The Biden administration’s profligate spending—driving unprecedented trillion-dollar deficits during a full-employment, peacetime economy—has naturally required an increase in borrowing. But the size of Treasury issuance is only one aspect of U.S. borrowing.
The way the U.S. borrows is equally important to market assessments of American financial credibility. Traditionally, the U.S.
funds itself mostly with medium-term notes and long-term bonds. The Treasury Department generally refrains from trying to time the market and has instead sought to issue notes and bonds with a stable and predictable rhythm. This approach helps provide orderly benchmark interest rates and lets markets plan for absorbing the significant interest-rate risk that comes with longer-term Treasury securities.
This reinforces market stability. Short-term debt in the form of Treasury bills has generally made up between 15% and 20% of the total outstanding stock of debt.

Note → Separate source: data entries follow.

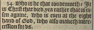 34 Who is he that condemneth? It is Christ that died, yea rather that is risen againe, who is euen at the right hand of God, who also maketh intercession for vs.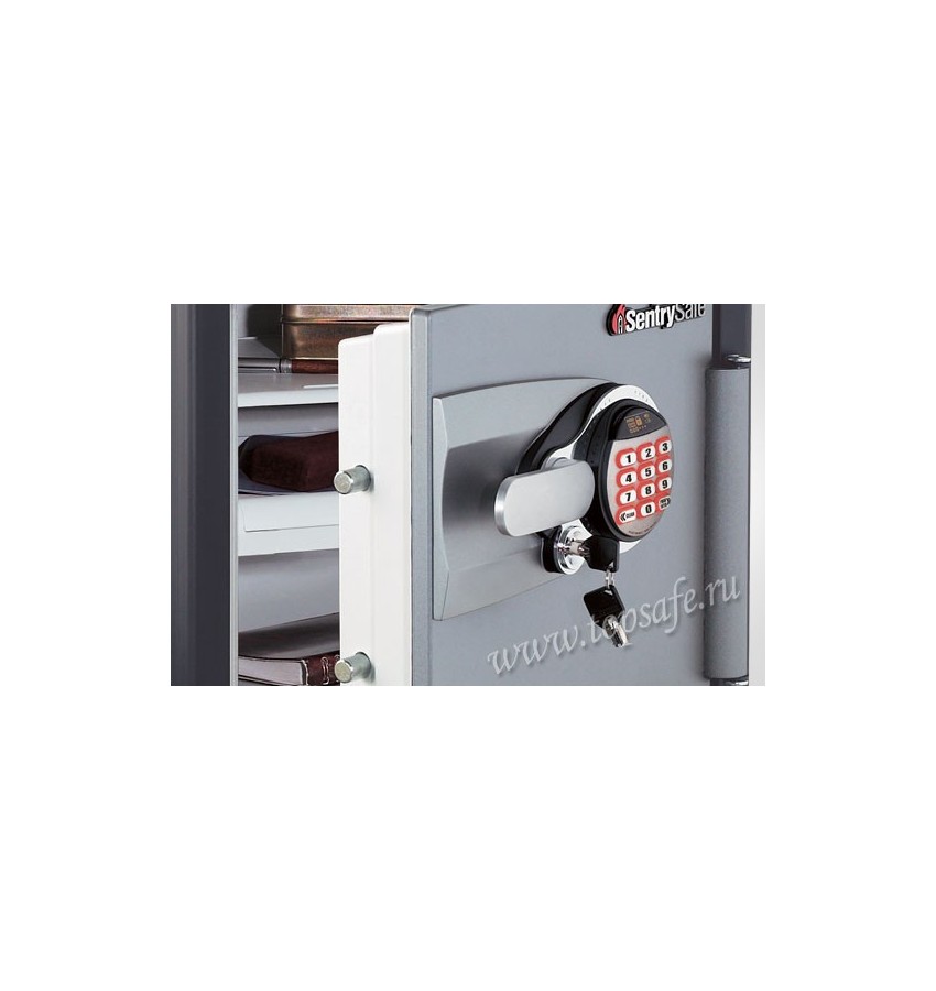 Описание2 часа огнестойкости по американскому стандарту UL, электронный замок на 5 программируемых кодов с дополнительным механическим замком, дверь с «карманом», внутри две полки. 2 часа защиты от огня мультимедийной продукции при температуре 1000 градусов цельсия. Может крепиться к полу, крепежные элементы в комплекте.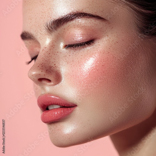 Woman with frothy skin and frothy makeup in a bright and artistic setting

During recessionary periods, the proportion of bills generally increases as the deficit increases, both because the creation of safer assets helps meet a market need and because of the desire to maintain stable and predictable note and bond issuance.
That’s why bills went from approximately 15% of outstanding debt in February 2020 to 25% by May 2020. The government was trying to fund its Covid response during a downturn. As the economy recovered, debt management returned to traditional practice, with bills falling to less than 20% of outstanding debt by July 2021, even amid the blowout spending of the American Rescue Plan.